▼▼▼

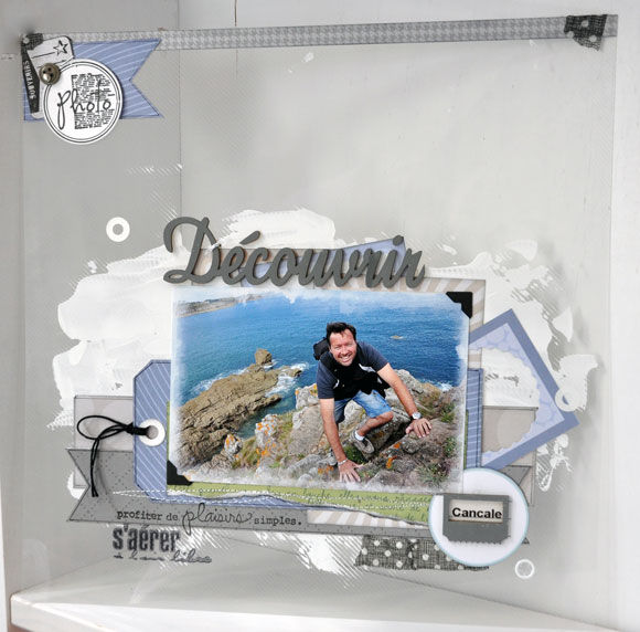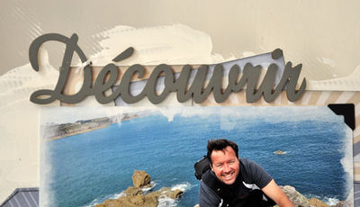 Titre "Découvrir" Embelliscrap recouvert à la peinture acrylique ainsi que l'étiquette.
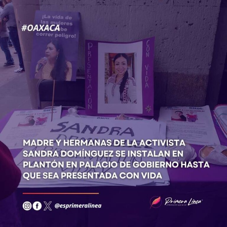 Madre y hermanas de la activista Sandra Domínguez se instalan en plantón en palacio de gobierno hasta que sea presentada con vida La madre y hermanas de Sandra Domínguez Martínez iniciaron un plantón en el corredor del palacio de gobierno en la… 6 noviembre, 2024
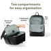 • Two main compartments for easy organisation
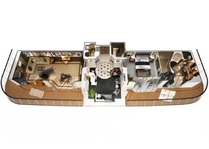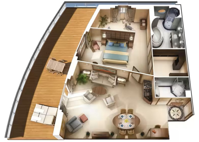 | OS - Owner’s Suite 123 m² + balkón od 62 m². 8. až 10. paluba vzadu. Max 2-3 osoby. 4 izby: vstupná hala s pianom, spálňa, veľká obývacia miestnosť s jedálenskou časťou, 2 kúpeľne (1 s vírivkou), 2 šatníky. Výhody Owners Suite. | 45 298 € 22 649 € za osobu |
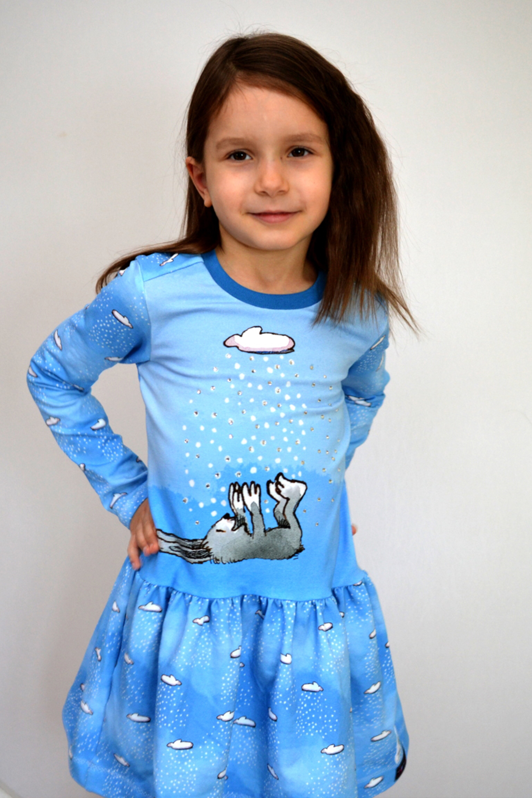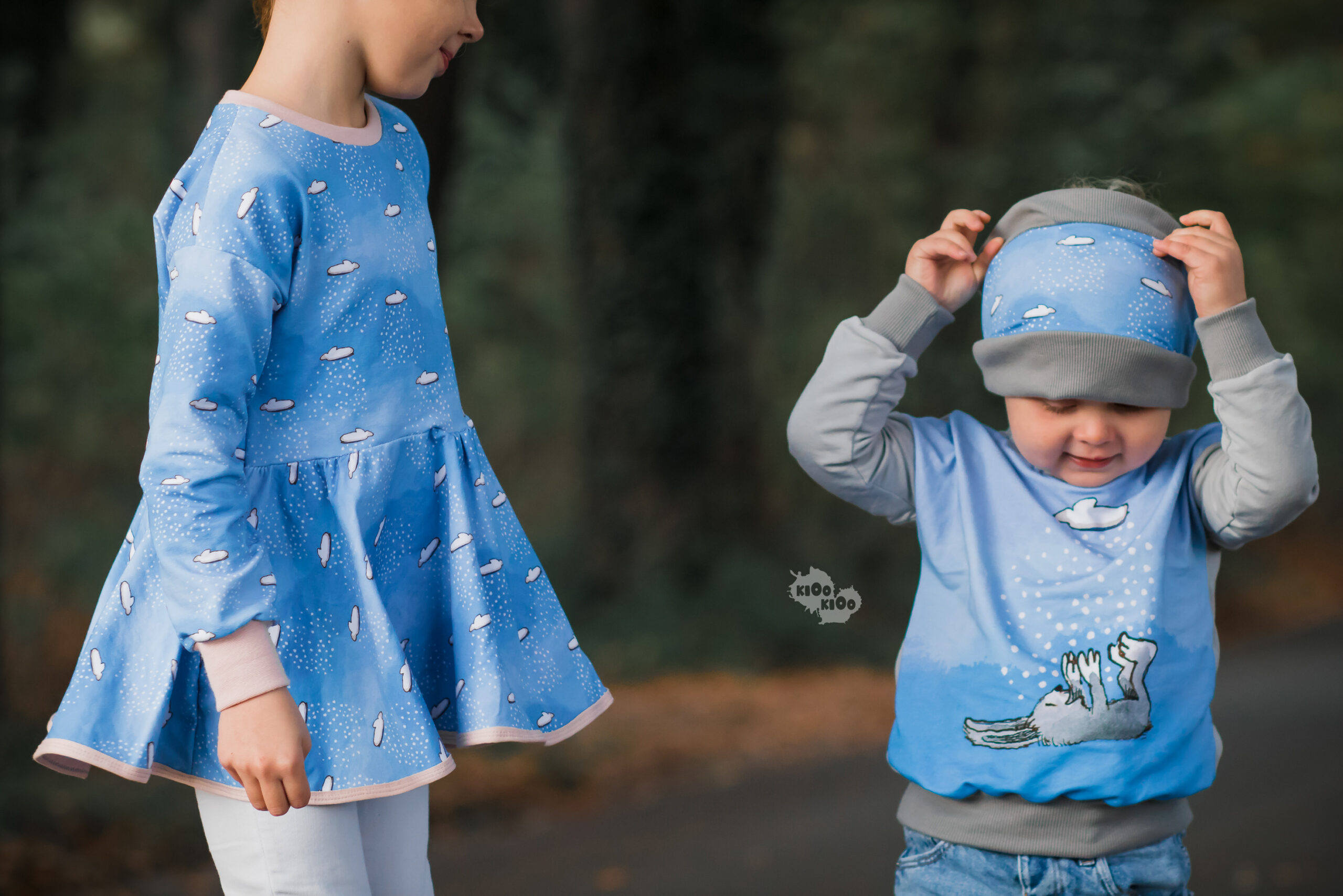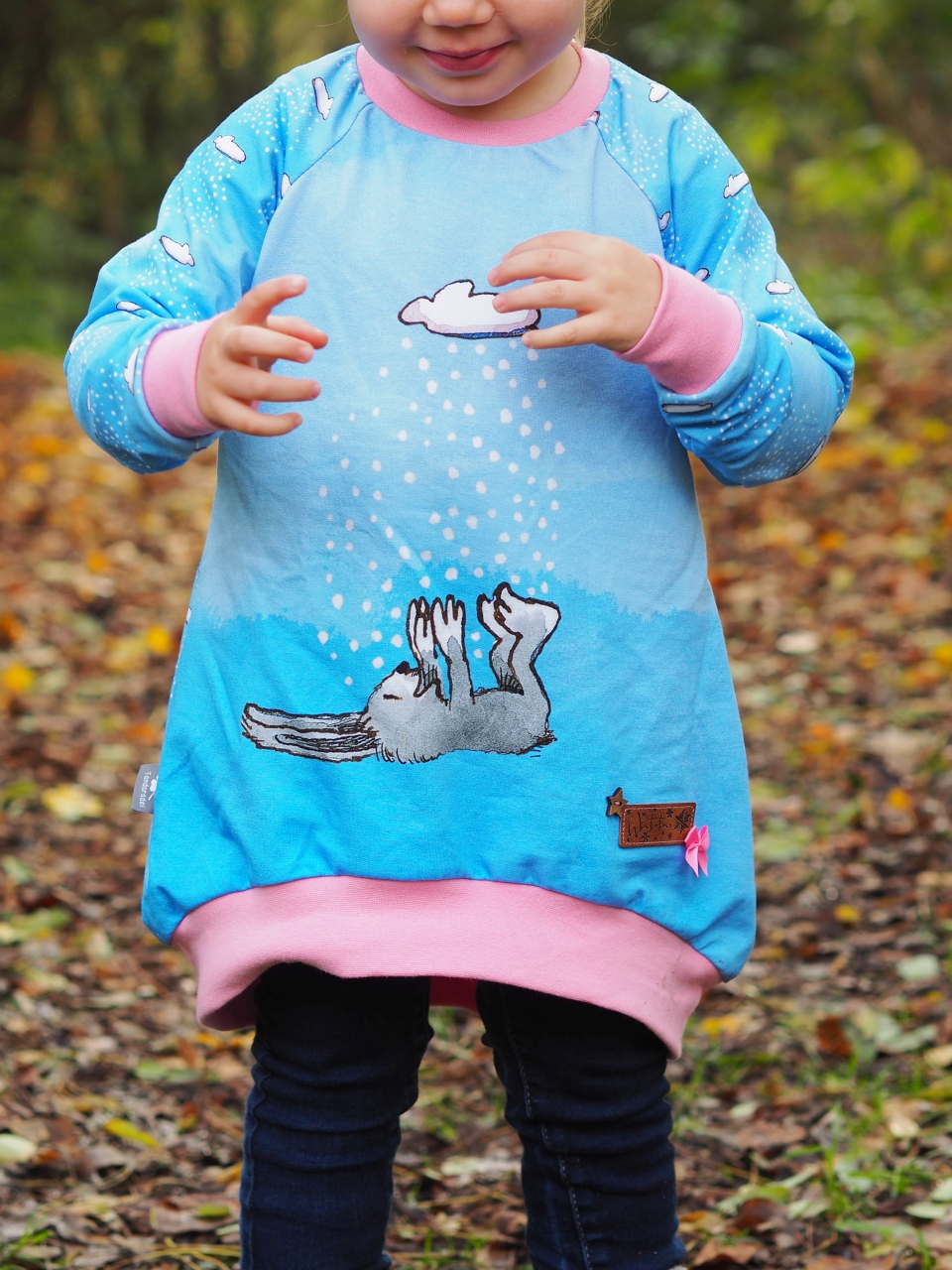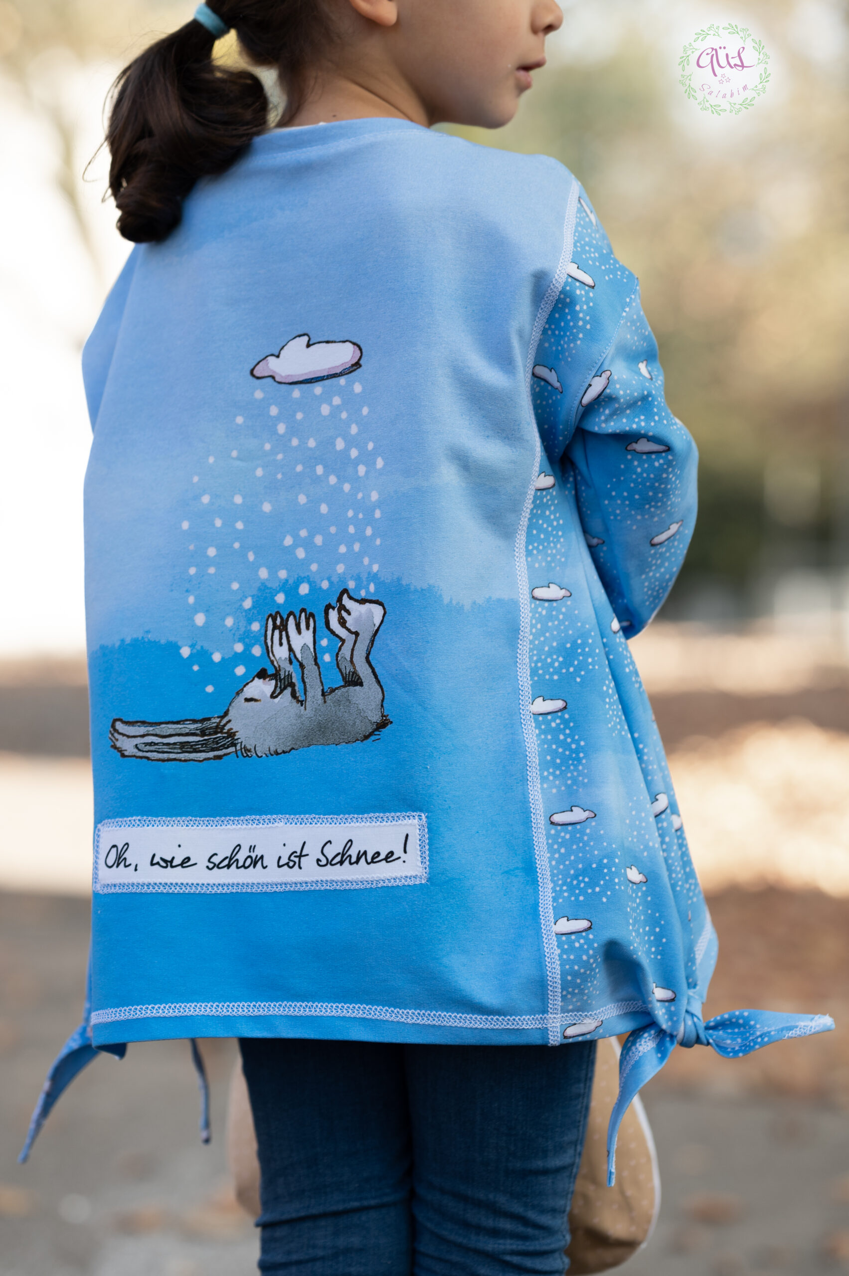 Als Kombistoff haben wir für Euch „Schneewolken“, ebenfalls mit leichtem Aquarelleffekt. Sie passen einerseits perfekt zu dem Panelbild mit dem Hasen und andererseits sind sie auch mit den anderen Stoffen der Kollektion prima kombinierbar und machen so jedes Nähstück um Eyecatcher. Probiert doch einfach mal aus, welche Kombination Euch am besten gefällt.
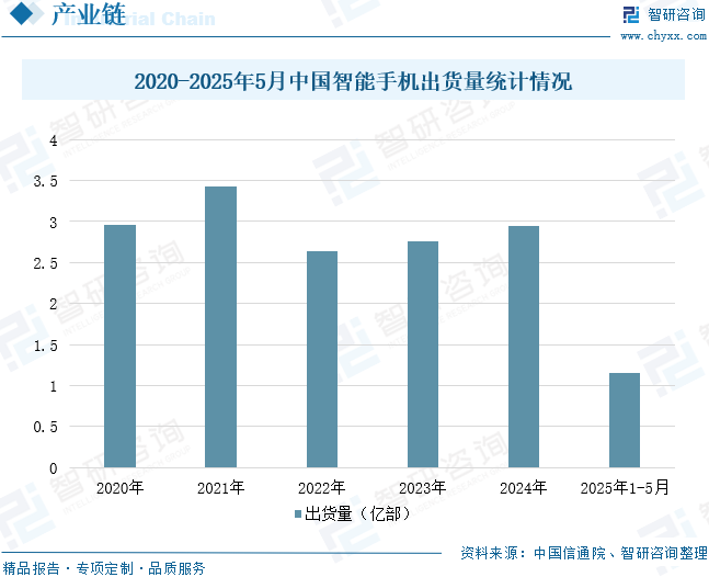 智能手机是CMOS图像传感器的最大应用领域,占比超过60%,主要用于制作摄像头。智能手机摄像头一般由保护膜、镜头组、对焦马达、红外滤光片、CMOS图像传感器、PCB板等物理部件组成,其中,CMOS图像传感器是摄像头模组的核心器件。以智能手机出货量为例,近几年,中国智能手机出货量持续走低,主要是智能手机渗透率触顶与技术升级缓慢导致消费者换机周期延长。2024年,得益于国内经济形势的稳定、消费者对新技术应用的持续关注,以及国内手机产业链企业的创新能力增强,全年智能手机市场出货量达到2.86亿台,同比增长5.6%,结束了连续两年的下滑趋势,呈现出强劲的复苏态势。2025年1-5月,中国智能手机出货量为1.15亿部,同比增长11.1%,占同期手机出货量的94.4%。随着5G换机潮的深入和影像技术的持续突破,智能手机市场有望保持稳健增长,这将进一步带动CMOS图像传感器等核心元器件的技术创新和产业升级。
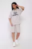 Костюм с шортами из кулирки с лайкрой. Кофта свободная с капюшоном с люверсами и шнурком. По переду принт ,рукав короткий на манжете, длинна до бедра .Шорты свободного покроя с карманами, длина до колена. На модели размер 48-50.Шнурки от партии могут отличаться. Размеры сдвоены.
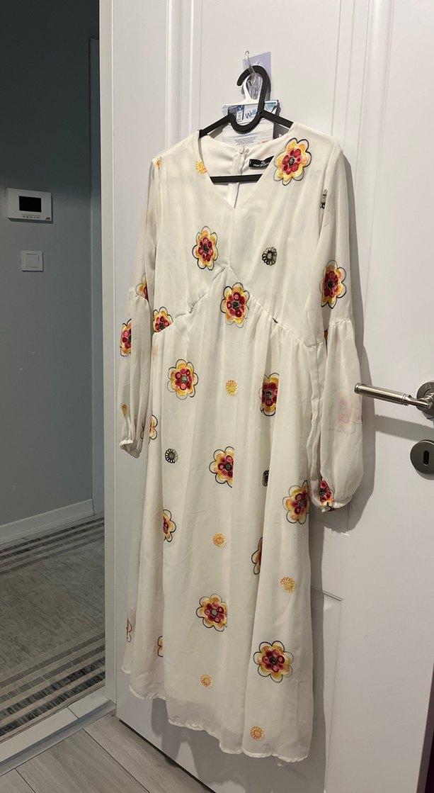 Nakışlı çiçek desenli, beyaz uzun elbise. Bol kesim, uzun kollu, V yaka ve düğmeli detaylara sahiptir. Yumuşak sentetik kumaştan yapılmıştır. Hiç giyilmemiştir

▲▲▲

Give exactly the lines above that run from the line with "649 € za osobu |" to the line with "Als Kombistoff haben", both included, leaving every picture out.

 | OS - Owner’s Suite 123 m² + balkón od 62 m². 8. až 10. paluba vzadu. Max 2-3 osoby. 4 izby: vstupná hala s pianom, spálňa, veľká obývacia miestnosť s jedálenskou časťou, 2 kúpeľne (1 s vírivkou), 2 šatníky. Výhody Owners Suite. | 45 298 € 22 649 € za osobu |
 Als Kombistoff haben wir für Euch „Schneewolken“, ebenfalls mit leichtem Aquarelleffekt. Sie passen einerseits perfekt zu dem Panelbild mit dem Hasen und andererseits sind sie auch mit den anderen Stoffen der Kollektion prima kombinierbar und machen so jedes Nähstück um Eyecatcher. Probiert doch einfach mal aus, welche Kombination Euch am besten gefällt.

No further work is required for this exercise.